(sorry for my bad english) I'm writing an implementation of Dijkstra algoritm and I need to use a priority queue. I use PriorityQueue as definited 开发者_开发百科in Java Platform SE 6. There is a way o a method like Q.update() in Java Platform SE 5 that rebuild priority queue in case the priorities of its elements have changed since they were inserted? (I have problem with relax and Q.poll()) I need that the update takes O(log n)
No, with a PriorityQueue
, there is no way to re-heap elements while they are in the queue.
This is a common optimization for heaps.
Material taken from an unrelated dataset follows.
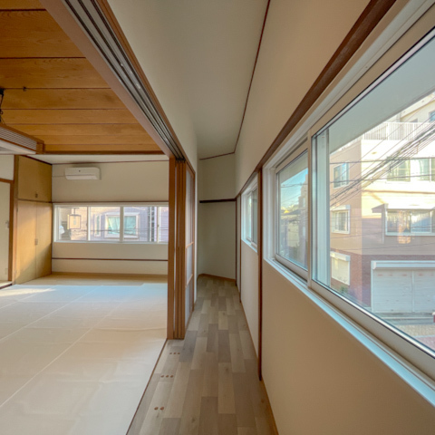 引き戸を開ければ縁側のような抜け感が生まれ、風が心地よく通り抜けます。
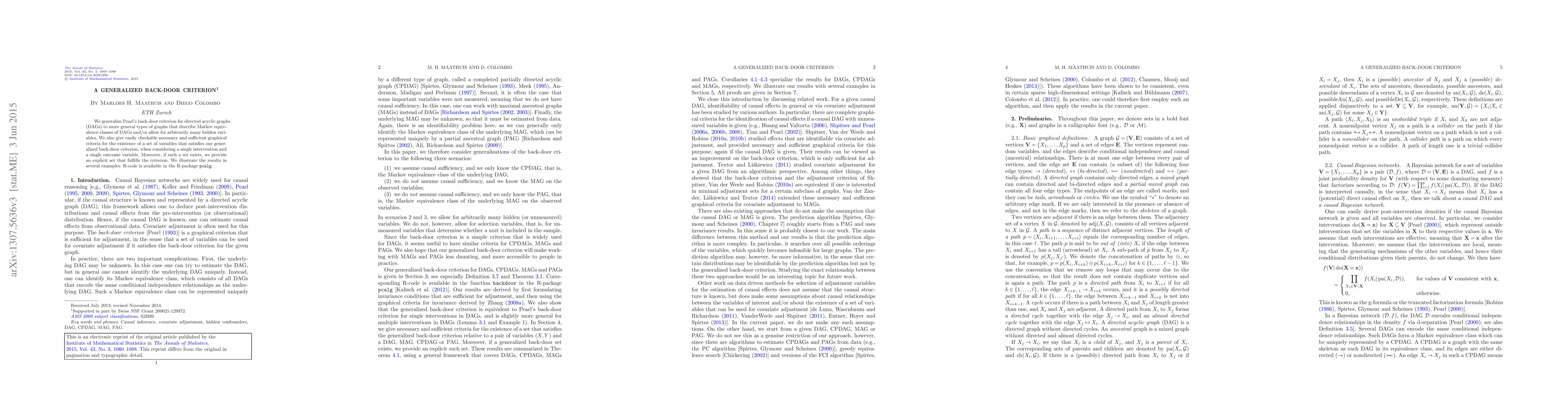 This paper generalizes Pearl's back-door criterion for identifying variables that control for confounding in directed acyclic graphs (DAGs) to more complex graph types. It provides necessary and sufficient graphical criteria for finding a set of variables that satisfy the generalized criterion under interventions and offers an explicit set fulfilling the criterion, illustrated with examples and supported by R-package pcalg.

Although the time complexity of removing the top of the heap and putting an (updated) element back into the heap is of the same order, it takes roughly half the time just to notify the heap that the top element has been updated and may need to be moved down in the heap.
Updating the priority of an element already in the priority queue is an important operation and a priority queue not offering this operation is more or less useless.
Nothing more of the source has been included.